ALEPPO OVEST. «Ad assediare Aleppo – scrive Micalessin – non sono le forze governative, ma i ribelli jihadisti che, nell’estate del 2012, entrarono in Siria dal confine turco e circondarono la città. Aleppo, nella strategia dei gruppi armati, appoggiati dalla Turchia di Erdogan, dall’Arabia Saudita e dal Qatar, doveva diventare la capitale dei territori liberati e la sede di un governo provvisorio pronto – dopo il riconoscimento dell’Onu, dell’America di Obama e dell’Europa – a prendere il posto del regime di Bashar Assad. Il risultato sono stati invece la nascita dell’Isis e il perdurare di una guerra costata oltre 300 mila vite».
La città è divisa in due: nella parte est comandano i ribelli di Jabhat Fateh al Sham (prima conosciuti col nome di Jabat Al Nusra) e da tempo bombardano la parte ovest, controllata dai governativi, e dove vive, non sottoposta alla sharia e godendo di una certa libertà, gran parte della popolazione. Ad ovest vive anche padre Ibrahim Alsabagh, parroco francescano che i lettori di Tempi conoscono bene e che ha sempre invitato gli occidentali a non farsi ingannare dalle fonti d’informazione che vedono solo una faccia della medaglia. Questi ribelli, infatti, con la scusa dell’Isis, tentano di raggiungere i loro scopi, in maniera violenta e secondo una logica non molto diversa da quella degli uomini del Califfato.
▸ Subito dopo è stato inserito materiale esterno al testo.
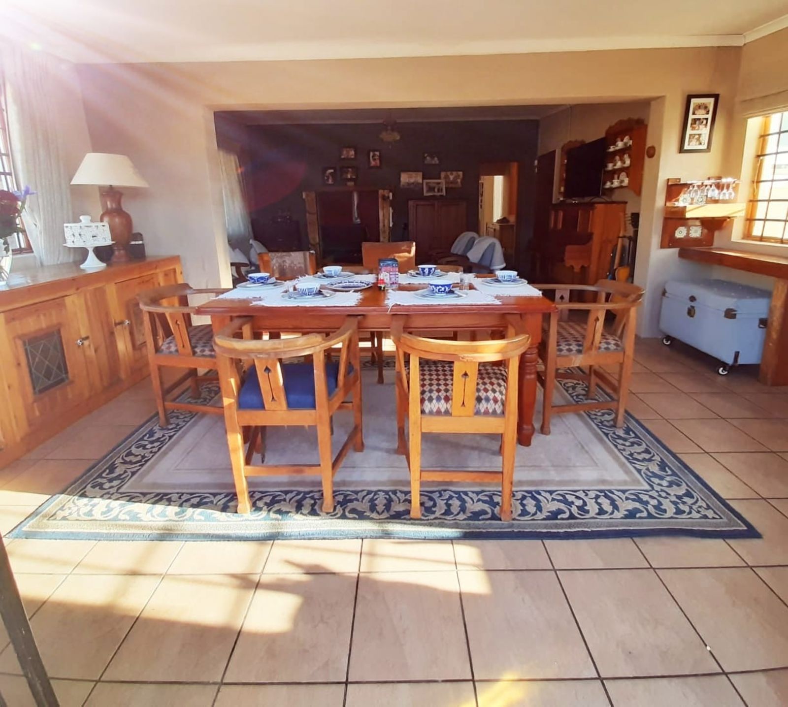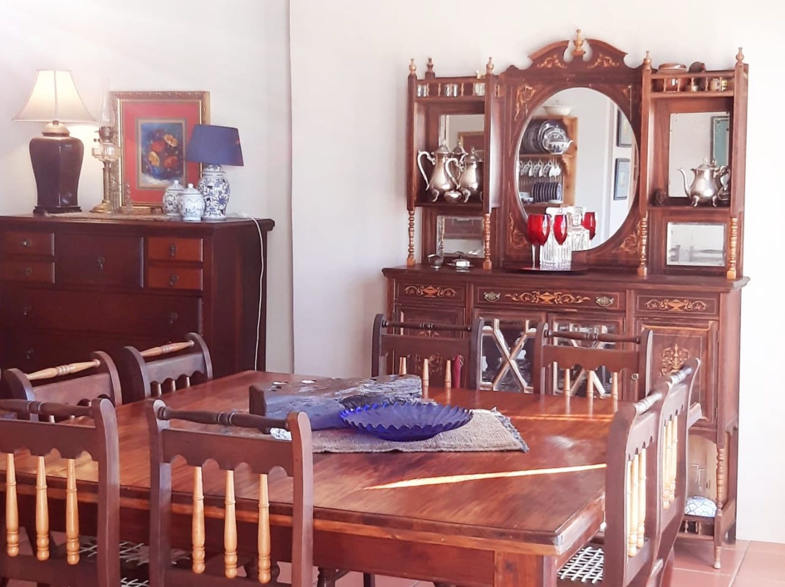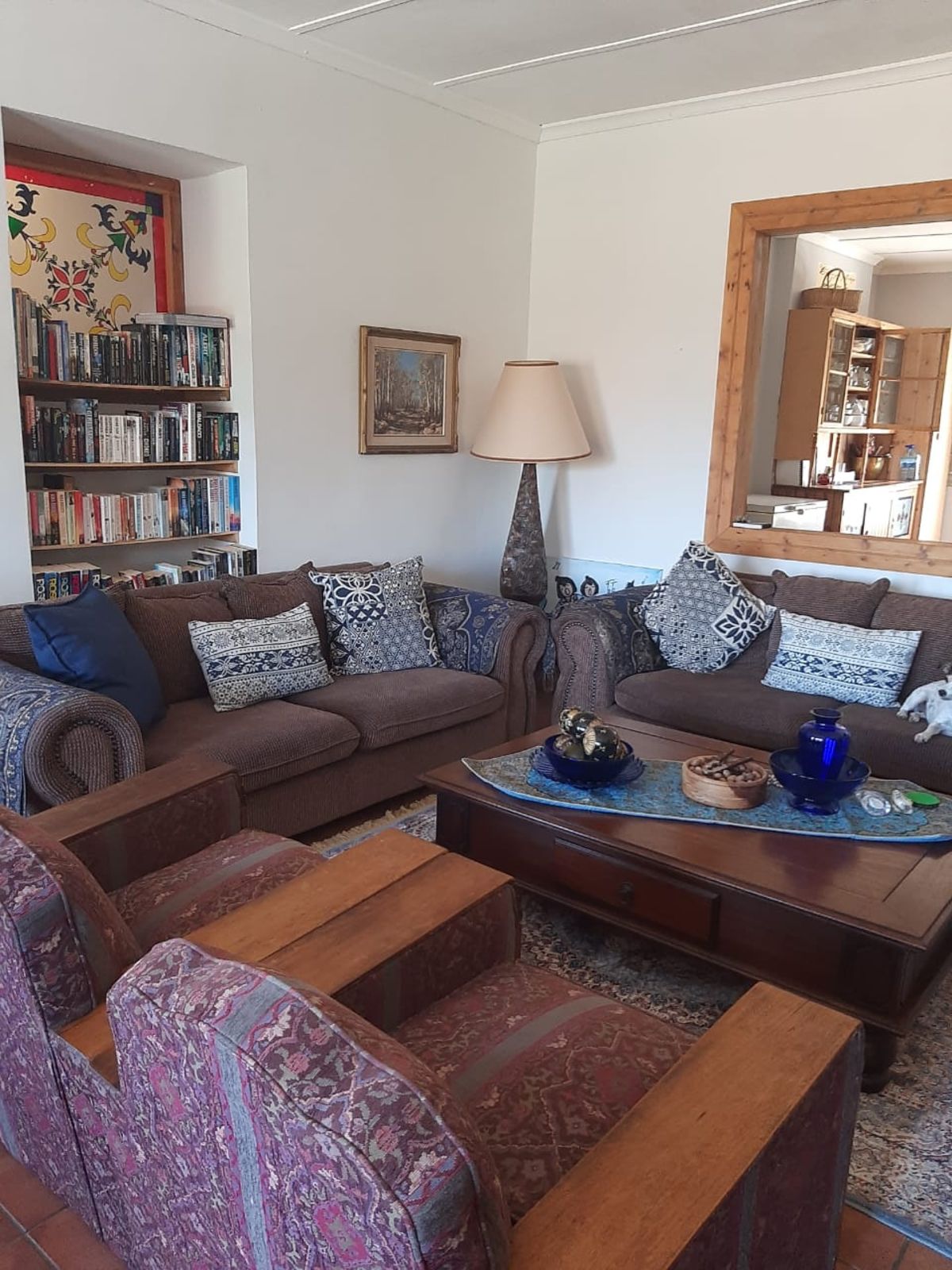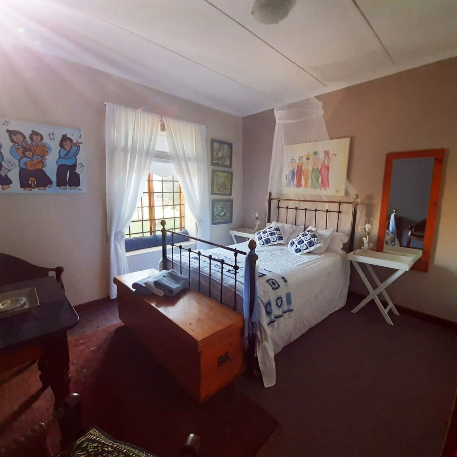 This sunny Main house consists of 4 bedrooms, kitchen, dining, lounge and braai area, surrounded by beautifully kept lawns and verandas accessible from various rooms.

Per ogni Omran, insomma, vi sono altrettanti bambini nella parte ovest che, quotidianamente, subiscono le medesime angherie.

SDEGNO OCCIDENTALE. «La narrativa “politicamente corretta” del conflitto siriano – scrive ancora Micalessin – lo descrive come lo scontro tra i ribelli appoggiati della maggioranza sunnita del Paese e il regime del dittatore Bashar Assad sostenuto da quella minoranza alawita, inferiore al 22 per cento della popolazione, a cui appartiene la sua famiglia. Se così fosse Aleppo, città di quasi due milioni di abitanti in larga parte sunniti, sarebbe caduta da un pezzo. Invece i civili sunniti di Aleppo, come i militari e gli ufficiali di un esercito anch’esso a maggioranza sunnita, hanno preferito restare con il regime anziché schierarsi con dei ribelli considerati troppo fanatici e troppo legati ad interessi stranieri».
È una guerra e nessuno è incolpevole: ognuno fa i suoi interessi. Assad non è Madre Teresa di Calcutta, ma è un fatto che il dittatore siriano, appoggiato da Mosca, avevano cercato una soluzione per gli abitanti della città assediata, proponendo anche un salvacondotto ai militanti della parte est. Sono stati i ribelli a impedire questo tentativo di riconciliazione. «Oggi l’accerchiamento dei quartieri ribelli per mano russa e governativa – conclude Micalessin – suscita lo sdegno dei grandi media e spinge il ministro degli Esteri tedesco Franz-Walter Steinmeier a proporre un ponte aereo per rifornire i quartieri est. L’assedio ribelle ai danni di gran parte della città di Aleppo, durato dall’estate 2012 alla scorsa primavera, non ha, invece, mai mosso a compassione nessuno. Come ha più volte ripetuto al Giornale il vescovo cattolico di Aleppo Monsignor Abu Khazen “solo l’intervento russo ha dato respiro a questa città. Per anni tutti ripetevano di voler combattere l’Isis e il fanatismo, ma solo i russi l’hanno fatto veramente”».